SOURCE INFORMATION:
+ + + +

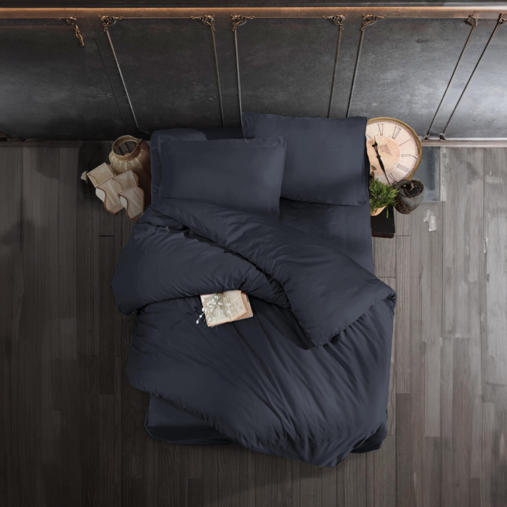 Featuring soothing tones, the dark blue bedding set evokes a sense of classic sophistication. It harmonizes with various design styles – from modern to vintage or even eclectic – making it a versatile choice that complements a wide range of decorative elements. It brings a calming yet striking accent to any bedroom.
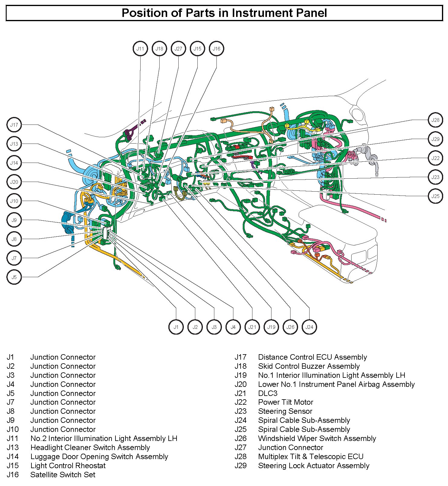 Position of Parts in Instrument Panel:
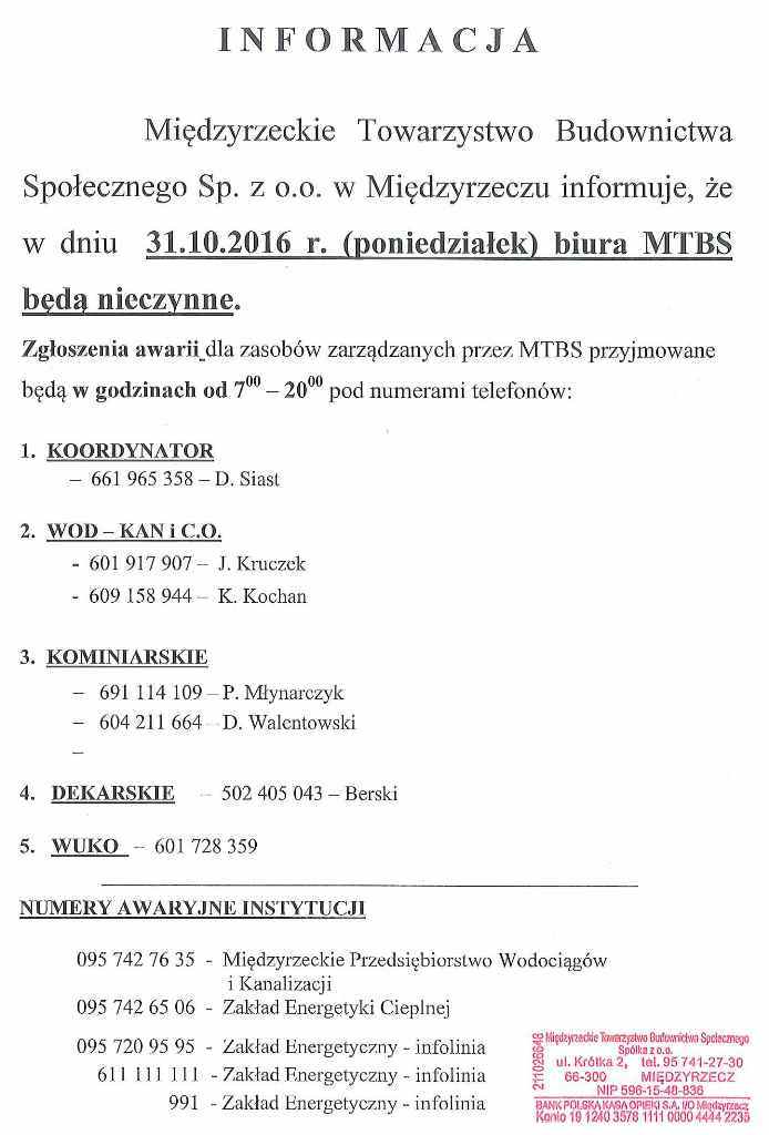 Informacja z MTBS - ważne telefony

+ + + +

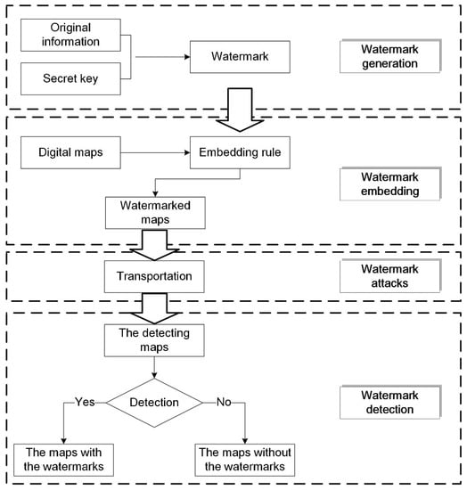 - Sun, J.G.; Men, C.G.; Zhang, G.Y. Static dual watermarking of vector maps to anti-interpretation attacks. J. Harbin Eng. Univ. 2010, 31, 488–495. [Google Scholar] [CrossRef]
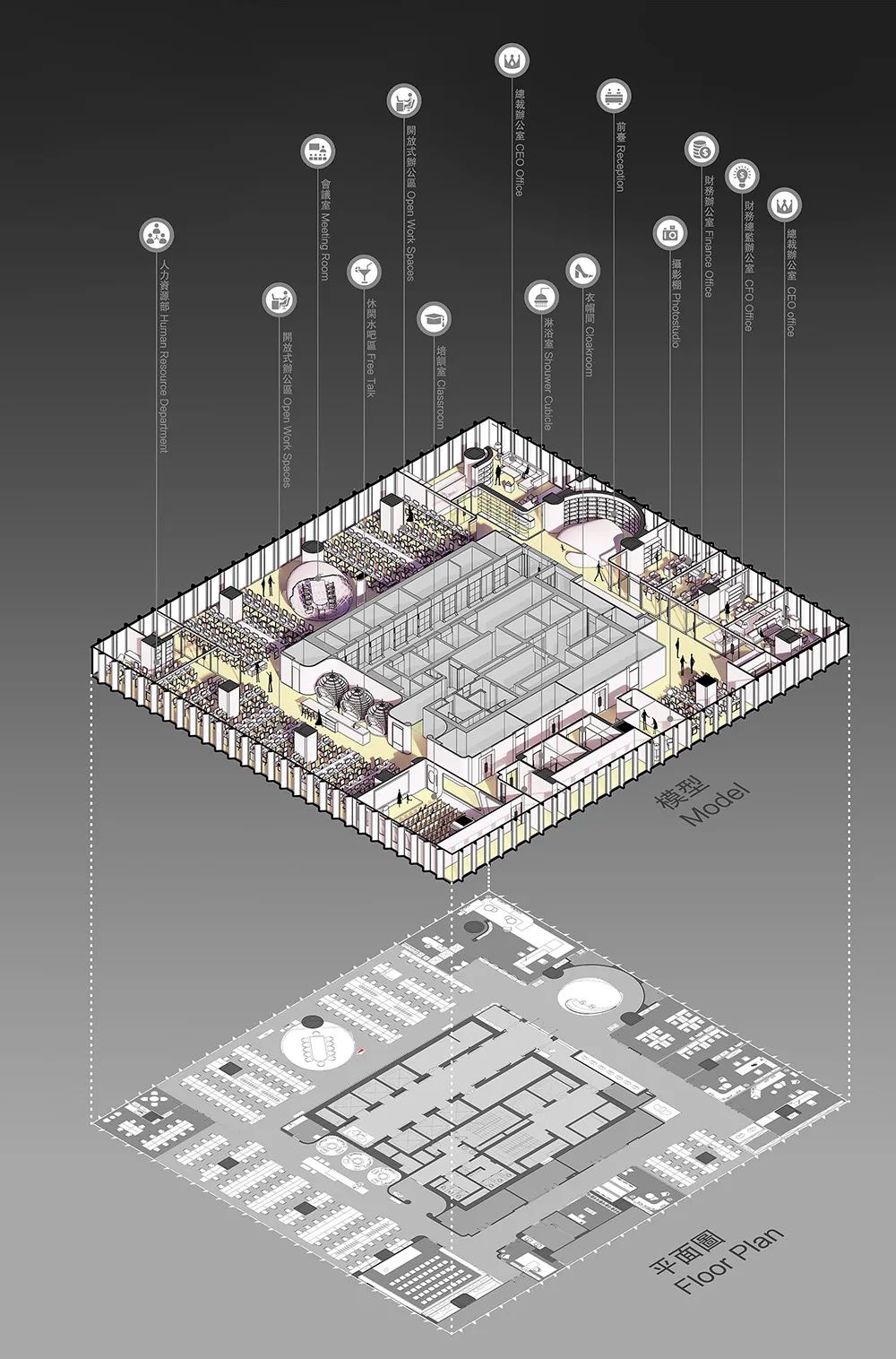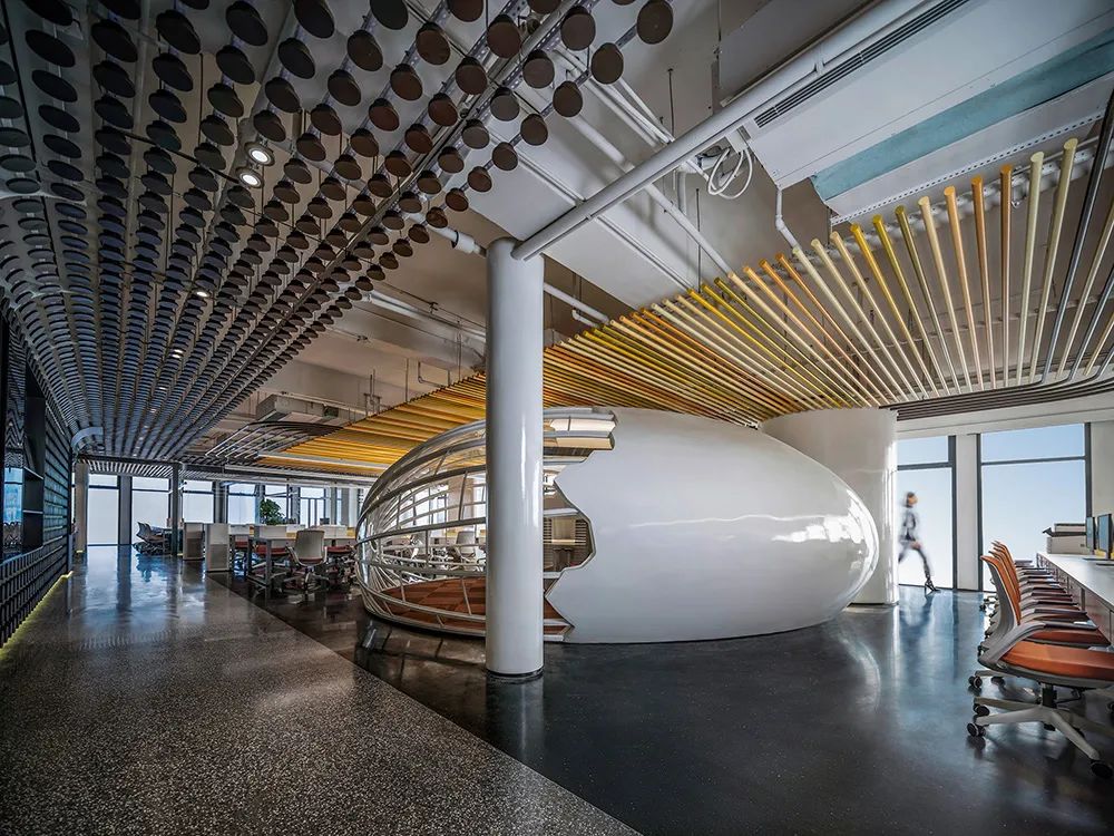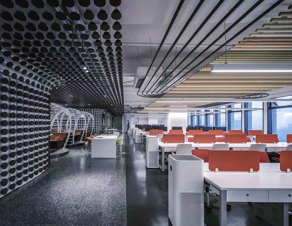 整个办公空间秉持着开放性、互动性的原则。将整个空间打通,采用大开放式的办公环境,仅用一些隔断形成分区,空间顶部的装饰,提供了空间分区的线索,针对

+ + + +

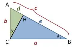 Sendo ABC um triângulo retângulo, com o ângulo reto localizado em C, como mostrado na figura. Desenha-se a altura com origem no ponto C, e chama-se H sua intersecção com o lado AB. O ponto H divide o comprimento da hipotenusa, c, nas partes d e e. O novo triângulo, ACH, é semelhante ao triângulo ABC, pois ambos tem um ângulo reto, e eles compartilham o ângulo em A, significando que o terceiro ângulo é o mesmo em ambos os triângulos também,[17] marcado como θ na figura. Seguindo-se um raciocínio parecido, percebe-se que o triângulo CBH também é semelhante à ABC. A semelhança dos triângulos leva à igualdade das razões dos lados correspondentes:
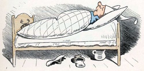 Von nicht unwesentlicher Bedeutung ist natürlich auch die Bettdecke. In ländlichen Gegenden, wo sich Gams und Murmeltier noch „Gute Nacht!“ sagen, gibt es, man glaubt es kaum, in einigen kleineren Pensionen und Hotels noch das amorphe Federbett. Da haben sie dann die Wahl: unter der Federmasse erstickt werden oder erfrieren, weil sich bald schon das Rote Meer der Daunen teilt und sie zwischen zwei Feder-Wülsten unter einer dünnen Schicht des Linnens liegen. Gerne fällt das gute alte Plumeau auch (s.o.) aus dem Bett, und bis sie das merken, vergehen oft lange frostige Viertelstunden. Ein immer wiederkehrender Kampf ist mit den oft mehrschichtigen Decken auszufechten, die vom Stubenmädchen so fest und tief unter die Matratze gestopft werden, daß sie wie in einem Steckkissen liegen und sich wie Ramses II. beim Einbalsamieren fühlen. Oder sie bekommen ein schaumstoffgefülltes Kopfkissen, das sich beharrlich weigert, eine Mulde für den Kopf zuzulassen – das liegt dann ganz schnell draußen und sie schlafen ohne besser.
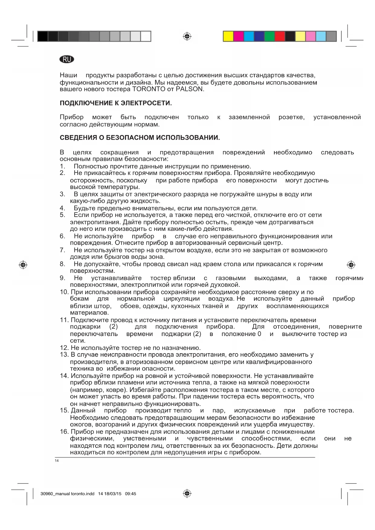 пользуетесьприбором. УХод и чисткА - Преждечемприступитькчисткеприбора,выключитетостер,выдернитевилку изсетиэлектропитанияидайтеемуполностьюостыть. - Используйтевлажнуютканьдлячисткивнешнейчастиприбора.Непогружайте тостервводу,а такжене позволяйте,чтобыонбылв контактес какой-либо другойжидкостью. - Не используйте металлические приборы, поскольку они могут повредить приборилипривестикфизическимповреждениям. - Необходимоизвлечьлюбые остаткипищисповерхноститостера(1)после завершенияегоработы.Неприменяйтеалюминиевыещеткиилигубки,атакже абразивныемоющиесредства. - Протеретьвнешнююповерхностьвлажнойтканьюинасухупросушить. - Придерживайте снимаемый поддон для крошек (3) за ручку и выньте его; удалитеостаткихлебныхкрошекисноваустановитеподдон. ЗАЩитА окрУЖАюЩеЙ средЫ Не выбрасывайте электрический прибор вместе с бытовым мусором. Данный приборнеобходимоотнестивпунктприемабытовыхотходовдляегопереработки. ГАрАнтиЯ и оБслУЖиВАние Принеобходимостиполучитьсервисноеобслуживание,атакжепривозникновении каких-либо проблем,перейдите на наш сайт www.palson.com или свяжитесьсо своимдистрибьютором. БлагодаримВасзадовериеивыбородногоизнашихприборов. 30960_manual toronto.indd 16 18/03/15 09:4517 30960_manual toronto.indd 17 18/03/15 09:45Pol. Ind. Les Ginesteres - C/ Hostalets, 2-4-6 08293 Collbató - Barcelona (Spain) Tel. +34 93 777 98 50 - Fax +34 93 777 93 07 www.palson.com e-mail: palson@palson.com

+ + + +

Only the lines starting at the one with "Featuring soothing tones, the" and ending at the one with "Informacja z MTBS - ważne telefony" should be printed, each exactly as it appears in the material above; the pictures are to be omitted.

 Featuring soothing tones, the dark blue bedding set evokes a sense of classic sophistication. It harmonizes with various design styles – from modern to vintage or even eclectic – making it a versatile choice that complements a wide range of decorative elements. It brings a calming yet striking accent to any bedroom.
 Position of Parts in Instrument Panel:
 Informacja z MTBS - ważne telefony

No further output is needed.